N.Scott Momaday passed into eternity last week at age 89.
On the first day I took his class on Native American Mythology and Lore in 1974 at Stanford, a tall, young N.Scott Momaday strolled to the front, wrote the 60 words of an Emily Dickinson poem “Further in Summer”on the blackboard. He told us we would spend at least a week working out the meaning of what he considered the greatest poem written — this in a class devoted to Native American writing and oral tradition. In his resonant bass, he read the poem to us many times, rolling the words around his mouth as if to extract their sweetness. This man of the plains, a member of the Kiowa tribe, loved this poem put together by a New England recluse poet — someone as culturally distant from him and his people as possible.
But grace works to unite us, no matter our differences, and Scott knew this as he led us, mostly white students, through the poem. What on the surface appears a paean to late summer insect droning – doomed to extinction by the desolation of oncoming winter – is a statement of the transcendence of man beyond our understanding of nature and the world in which we, its creatures, find ourselves. As summer begins its descent into the dark death of winter, we, unlike cicadas and crickets, become all too aware we too are descending. There is no one as lonely as an individual facing their mortality and no one as lonely as a poet facing the empty page, in search of words to describe the sacrament of sacrifice and perishing.
Yet the written Word is not silent; the Word brings Grace unlike any other, even when the summer, pathetic and transient as it is, is gone. The Word brings Grace, like no other, to pathetic and transient man who will emerge transformed.
There is no furrow on the glow. There is no need to plow and seed our salvaged souls, already lovingly planted by our Creator God, yielding a fruited plain.
Scott was one of my most remarkable and influential teachers, teaching me to trust memories, to use the best words, and to describe beauty as best I can. I know his words will forever live on.

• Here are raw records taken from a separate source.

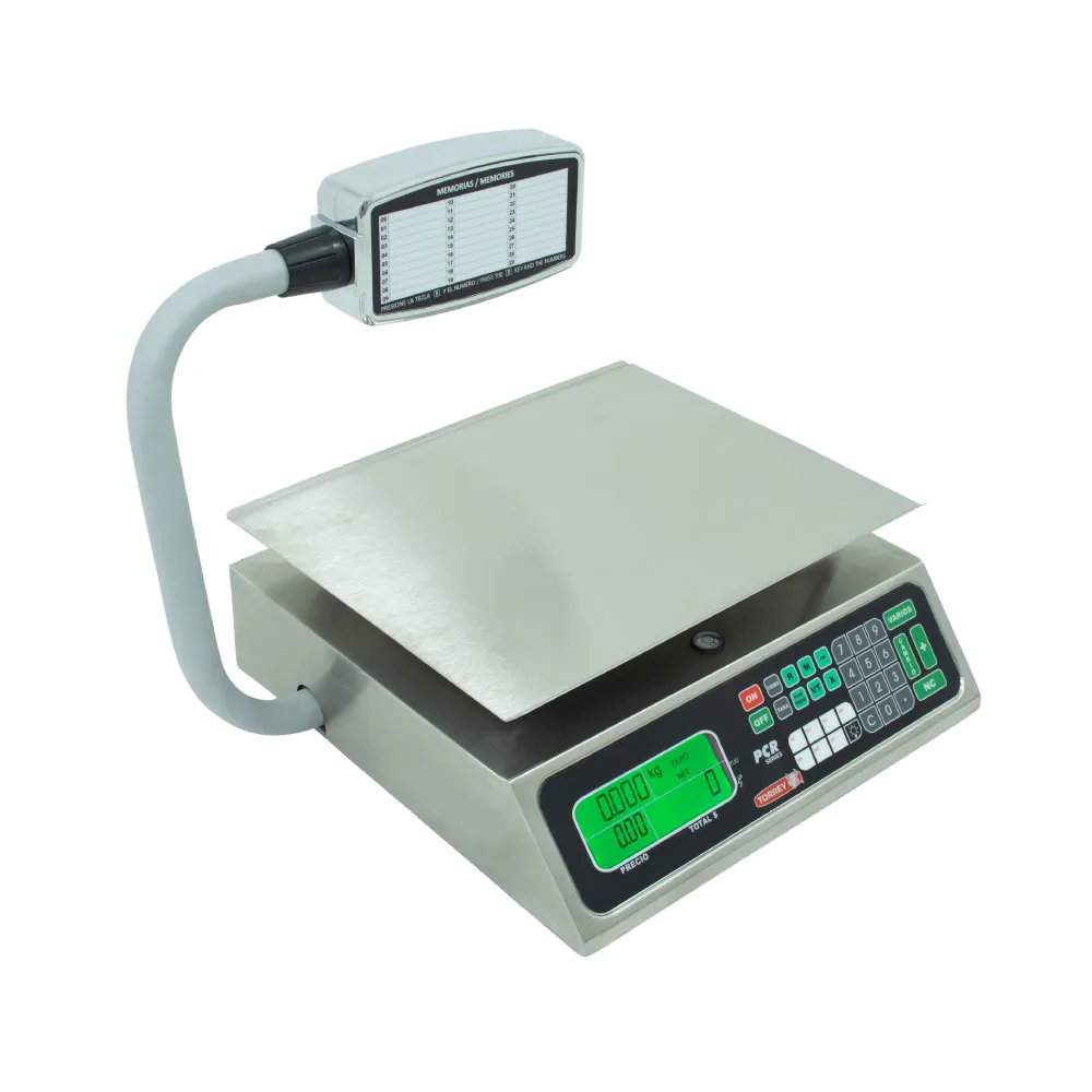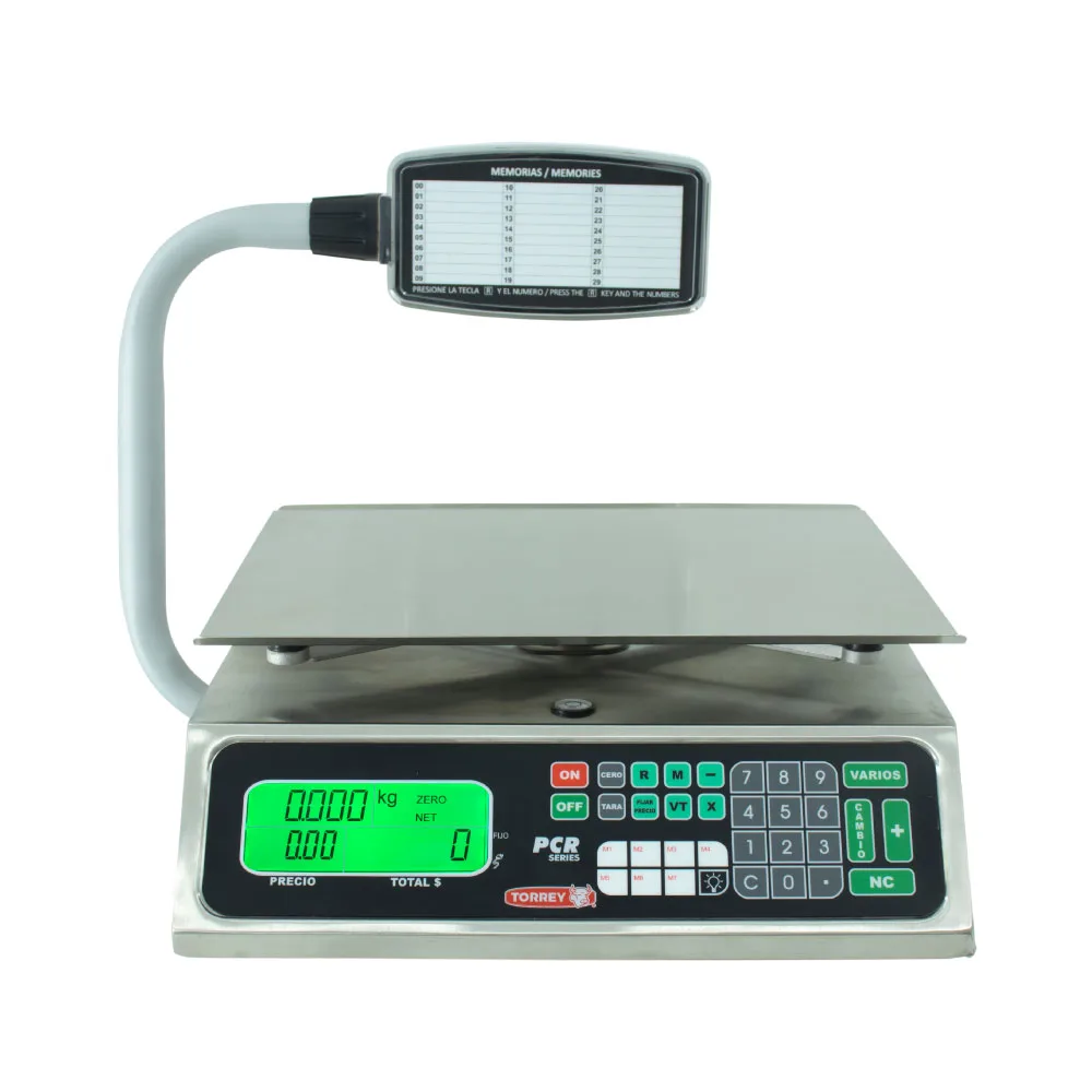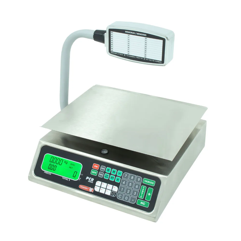 Doble pantalla delantera y posterior para fácil lectura para operador y cliente.
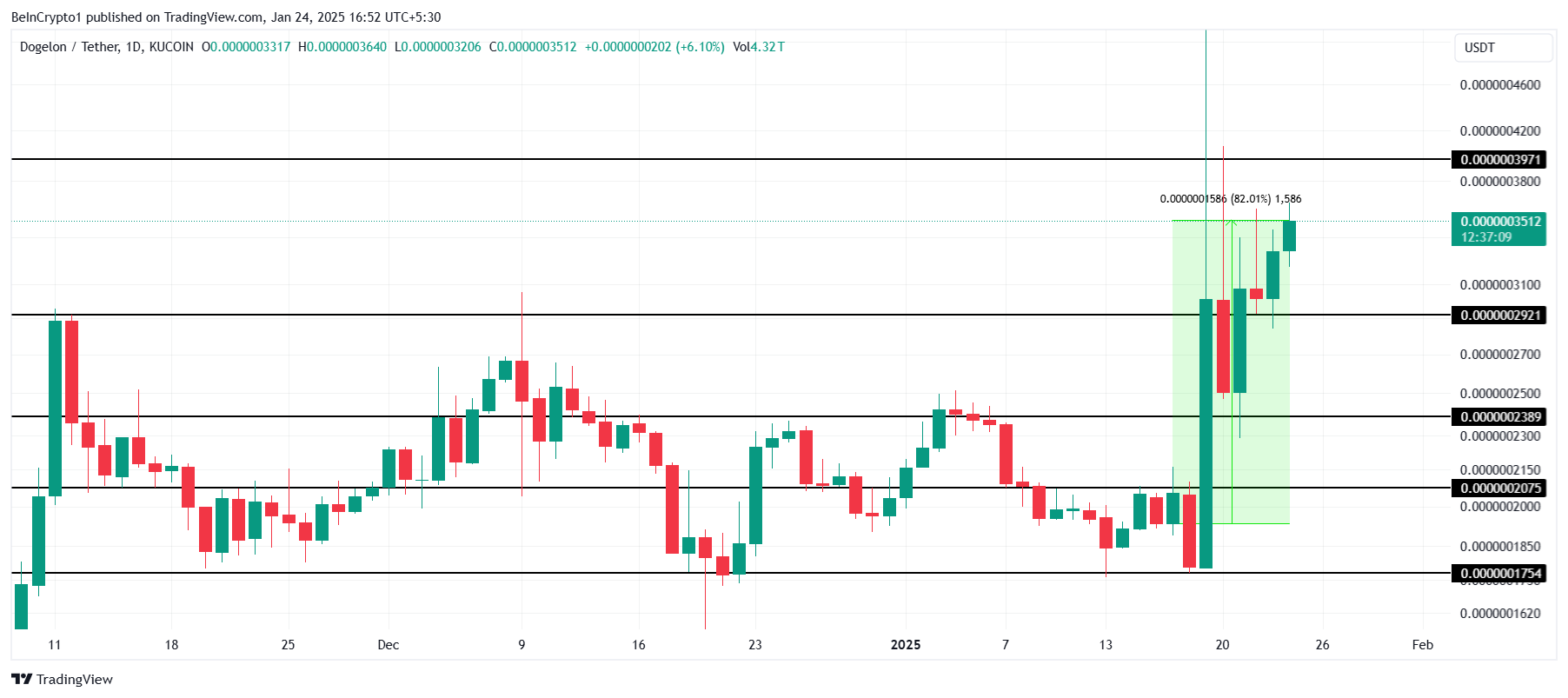 ELON 價格上漲 82%,達到 0.0000003512 美元,成功守住 0.0000002921 美元作為支撐水平。這一上升動能使該幣目標達到 0.0000004000 美元,反映出對其進一步增長潛力的信心增強。
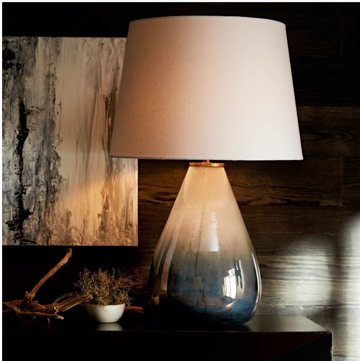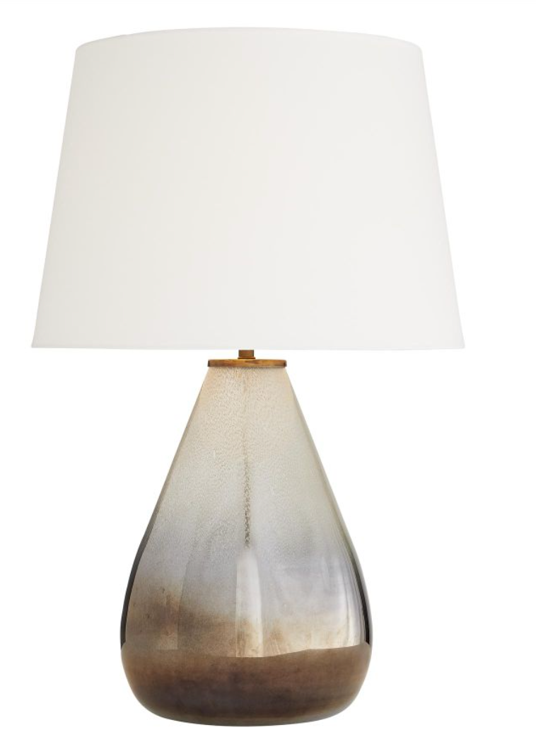 LIKE THE GATHERING OF STORM CLOUDS, THIS LAMP BRINGS MYSTERY AND MOXIE. THE LARGE-SCALE SLEEK FORMATION OF THE SEEDED GLASS BASE IS FIRST MOUTH-BLOWN AND THEN FINISHED IN A SMOKE LUSTER OMBRE TO CREATE ITS DARK AND MOODY FEATURES, WHICH ARE LIFTED WHEN ILLUMINATED. TOPPED WITH A TAPERED WHITE LINEN SHADE WITH WHITE COTTON LINING AND AN ACRYLIC SPHERE FINIAL ON A BRASS BASE. FINISH WILL VARY.

…<Dickinson’s Further in Summer is> one of the great poems of American literature. The statement of the poem is profound; it remarks the absolute separation between man and nature at a precise moment in time. The poet looks as far as she can into the natural world, but what she sees at last is her isolation from that world. She perceives, that is, the limits of her own perception. But that, we reason, is enough. This poem of just more than sixty words comprehends the human condition in relation to the universe:
“So gradual the Grace
A pensive Custom it becomes
Enlarging Loneliness.“
But this is a divine loneliness, the loneliness of a species evolved far beyond all others. The poem bespeaks a state of grace. In its precision, perception and eloquence it establishes the place of words within that state. Words are indivisible with the highest realization of human being.